Чтобы добраться до газировки, нужно было пересечь всю площадь. Мы окончательно взмокли, пока пробились через плотную, разгоряченную толпу. Но к воде было не протолкнуться. На наше счастье у самой тележки стоял Володя Шмидт, он помахал нам рукой, а потом через головы подал стаканы. Он был высокого роста, и ему это ничего не стоило. Подождав, пока мы выпьем, он снова взял наши стаканы и снова наполнил. Он был красивый парень, Володя Шмидт,– белокурые волосы, широкий лоб, прямой нос и неотразимые, смотрящие в упор карие глаза. Они смотрели в упор, когда взгляд их бывал дружелюбен и мягок, и точно так же, в упор, без прищура,– когда что-то в них твердело, и уже не мягким, тающим светом лучились они, и отливали железом и сталью... Он был красивый парень, п пока поил нас у всех на виду, никто ничего ему не сказал. А может быть, день был такой, не знаю. Но мы напились, и Мишка похлопал себя по животу, там булькнуло, тогда он удовлетворенно сказал, что теперь можно жить. Мы пошли дальше втроем, и вскоре натолкнулись на Ваню Доронина и Нарика Хабибулина, из параллельного класса.
Мы поздравили друг друга с Победой и пошли в Братский садик, посидеть в холодке. Митинг закончился, солнце пекло все немилосердней, но люди не расходились, как будто ждали еще чего-то – на площади, где опустела трибуна и ушел оркестр. А может, это мне только казалось,– в самом деле, чего было еще ждать, чего хотеть?.. Площадь по-прежнему кишела народом, но теперь с нее как бы сняли затверделую, жестковатую корочку – и вся она была нараспашку. Люди вокруг, не сдерживай наплыва чувств, что-то громко рассказывали друг другу, пели, плясали, раздавшись кружком и оттаптывая каблуки, вспоминали и плакали...
В Братском саду тоже народу было – не протолкнись, мы еле ухватили скамеечку. Перед памятником героя гражданской войны, у цветника, разбитого на месте братской могилы, малыши в панамках лепили куличики. Со стороны отгороженной березками пивной веранды доносились возбужденные голоса, тупое звяканье кружек.

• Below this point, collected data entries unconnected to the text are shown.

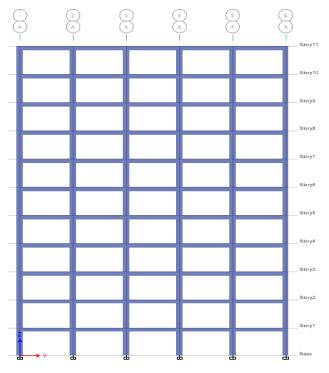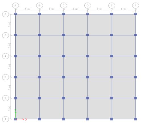 Plan, 3D and Elevation of Regular Bare Frame Structure modelcreatedinsoftwareasshowninfig1,2and3below.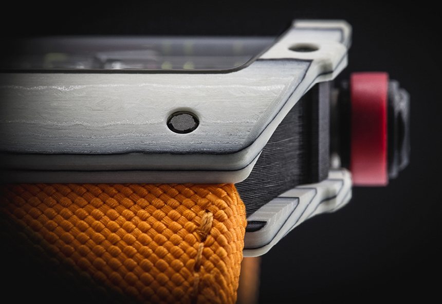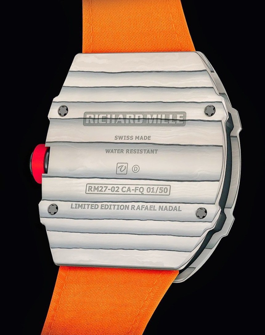 Richard Mille RM27-02 Rafael Nadal 手表同時(shí)使用碳纖維和新型石英絲材料,這兩種材料均由瑞士 NTPT(North Thin Ply Technology)創(chuàng)造。這些材料是 NTPT 為高性能賽車和工業(yè)用途生產(chǎn)的材料的改良形式。這些石英和碳材料旨在非常輕便且非常堅(jiān)固,同時(shí)還能抵抗一系列環(huán)境危害,進(jìn)一步設(shè)計(jì)時(shí)考慮到了 Richard Mille 的表面“視覺效果”。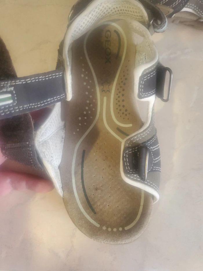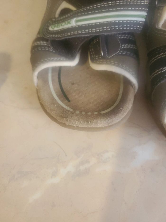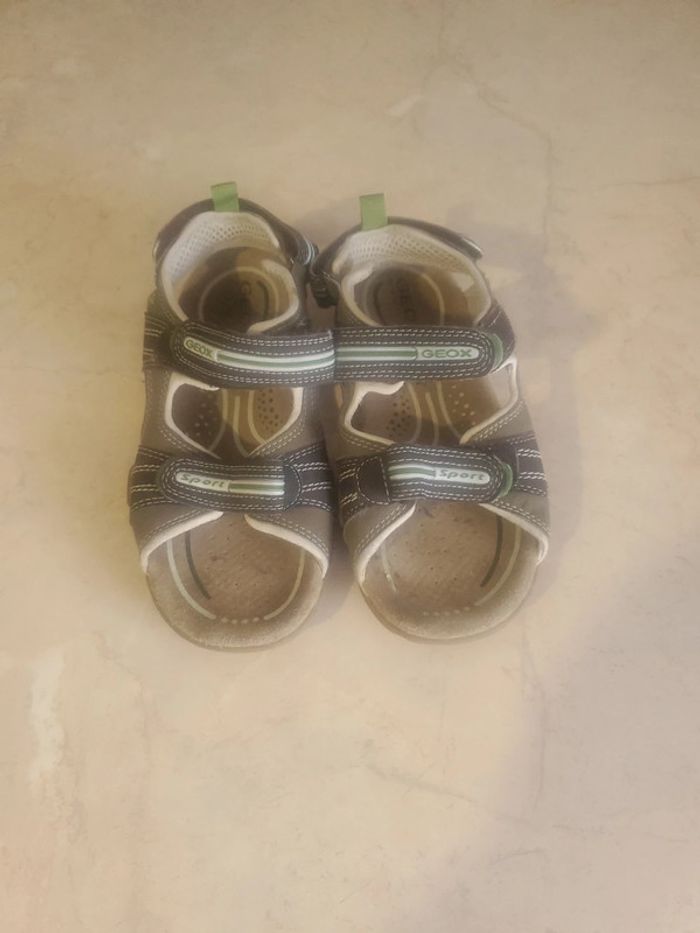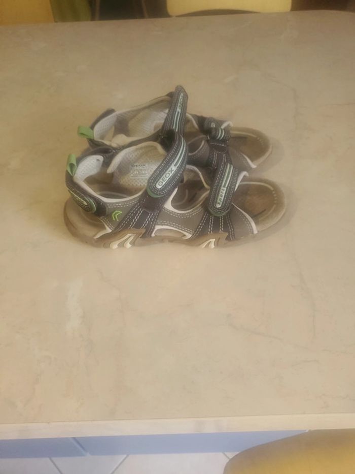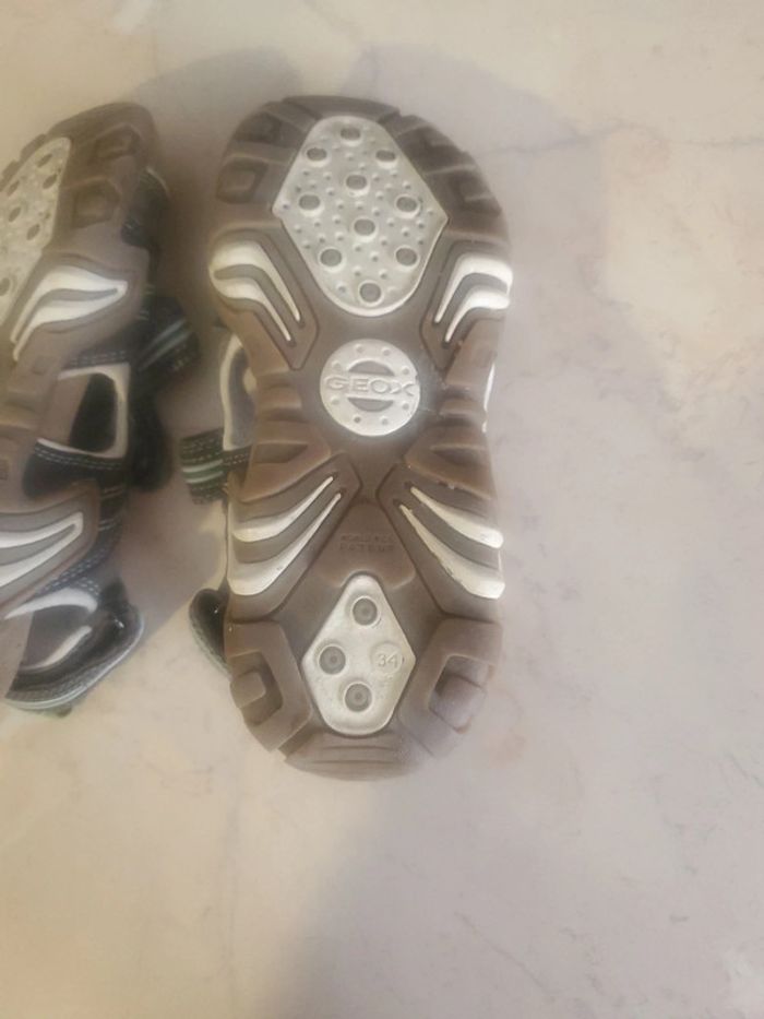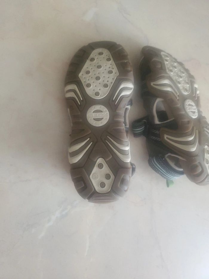 Sandales enfant Geox, taille 34. Couleur marron et vert. Bon état général voir photos peut être un peu usé sur l'avant du pied voir les 2 dernières photos.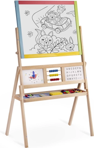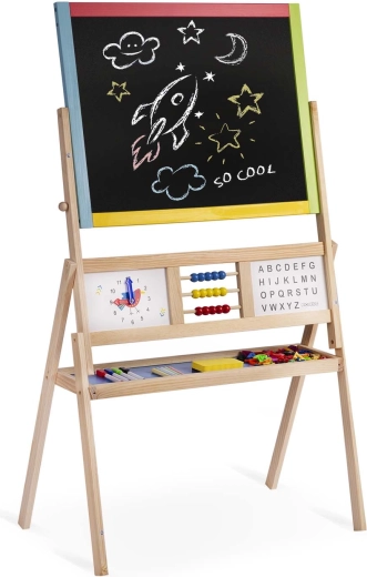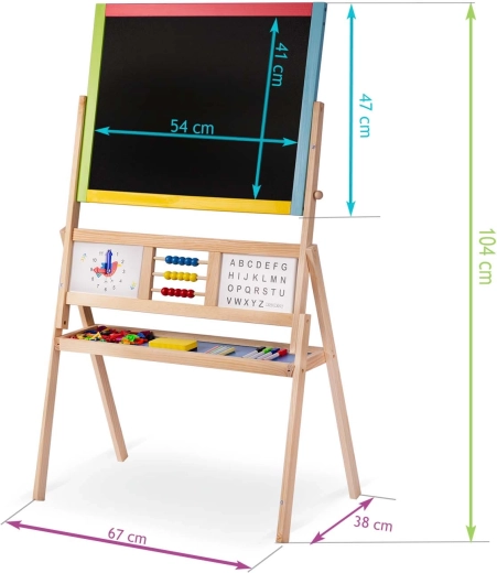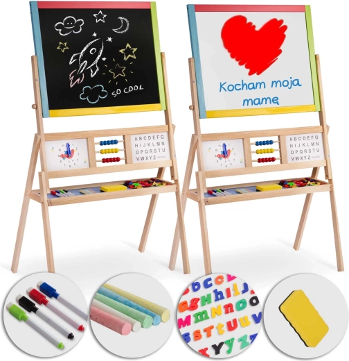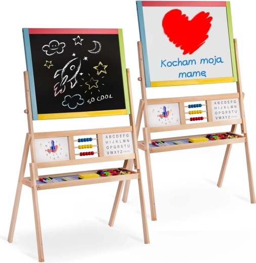 Scopri la grande lavagna bifacciale per bambini del marchio Ricokids, che combina in un unico prodotto superficie a gesso e magnetica. Struttura stabile, pannello girevole, orologio didattico, abaco e un ricco set di accessori la rendono lo strumento ideale per apprendimento e divertimento creativo.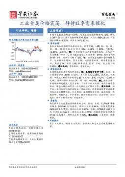 [金属]2024-07-15-华安证券-有色金属行业周报:工业金属价格震荡,静待旺季需求催化-14页(银创产业通www.chanyetong.net)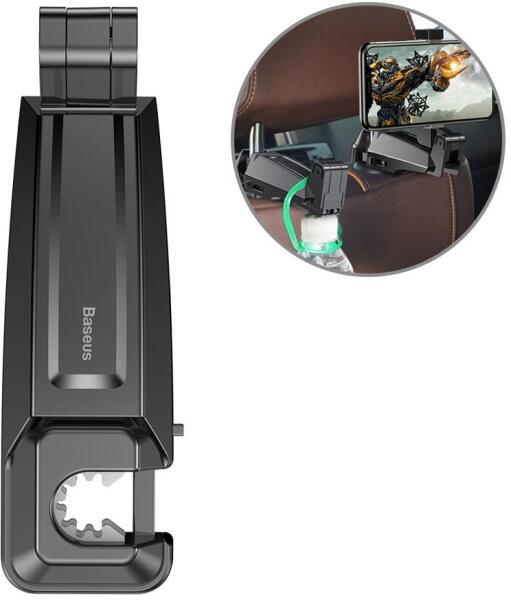 BASEUS telefontartó az ülés fejtámlájának fémrúdjára erősíthető, 64mm – 90mm szélességű telefonhoz A termék tulajdonságai 2 in 1: akasztókampó (pl. táskának) és telefontartó egyben Univerzális tartó, mely a piacon található autómodellek 99%-val kompatibilis A telefontartó csipesz szélessége 64-90mm, ezért 4 - 6,5 colos mobiltelefonokkal kompatibilis Felhelyezése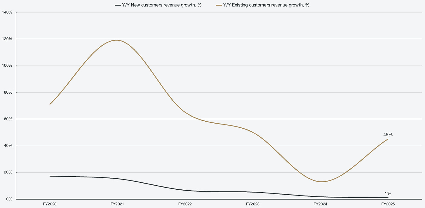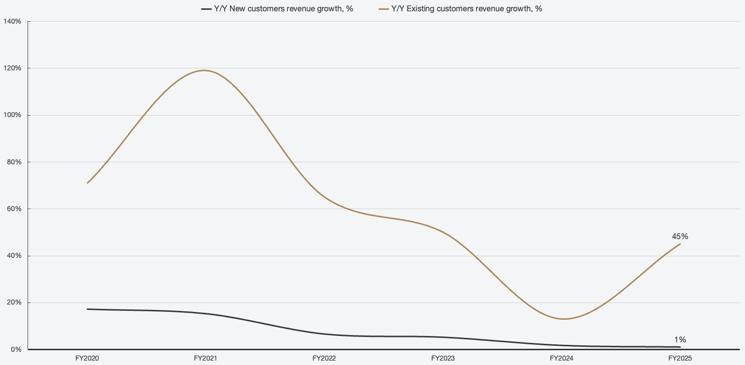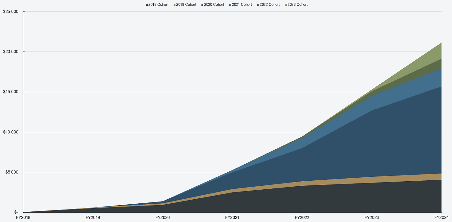 Looking at the net revenue retention over the past years, we can see that an overwhelming majority of growth is attributed to existing customers. By breaking it down into two cohorts of existing and new customers, the chart tells a clear picture of the importance of nurturing relationships with existing customers in order to drive growth for the business.

Мы сидели и говорили о Гитлере. Несколько дней назад в газетах было напечатано опровержение слухов о его самоубийстве. То есть предполагалось, что полуобгоревший труп, обнаруженный в Берлине, во дворе имперской канцелярии, – всего лишь мистификация, а сам Гитлер бежал и где-то скрывается, то ли в Испании, у Франко, то ли в ЮАР. А может – в джунглях на реке Амазонке, долго ли переправить его туда самолетом или на подводной лодке... Вот мы и толковали об этом, сидя на лавочке в Братском саду, – где он сейчас может быть и что может поделывать в этот день, день Победы, – Адольф Гитлер?.. И большинство из нас было совершенно согласно с Володей Шмидтом: если, сказал он, Гитлер и вправду еще жив, то сегодня для него самое время сунуть башку в петлю или застрелиться. Но Мишка Воловик заспорил, скорее всего просто из духа противоречия, такое на Мишку иной раз накатывало, он вдруг начинал упорствовать, лезть в бутылку – один против всех.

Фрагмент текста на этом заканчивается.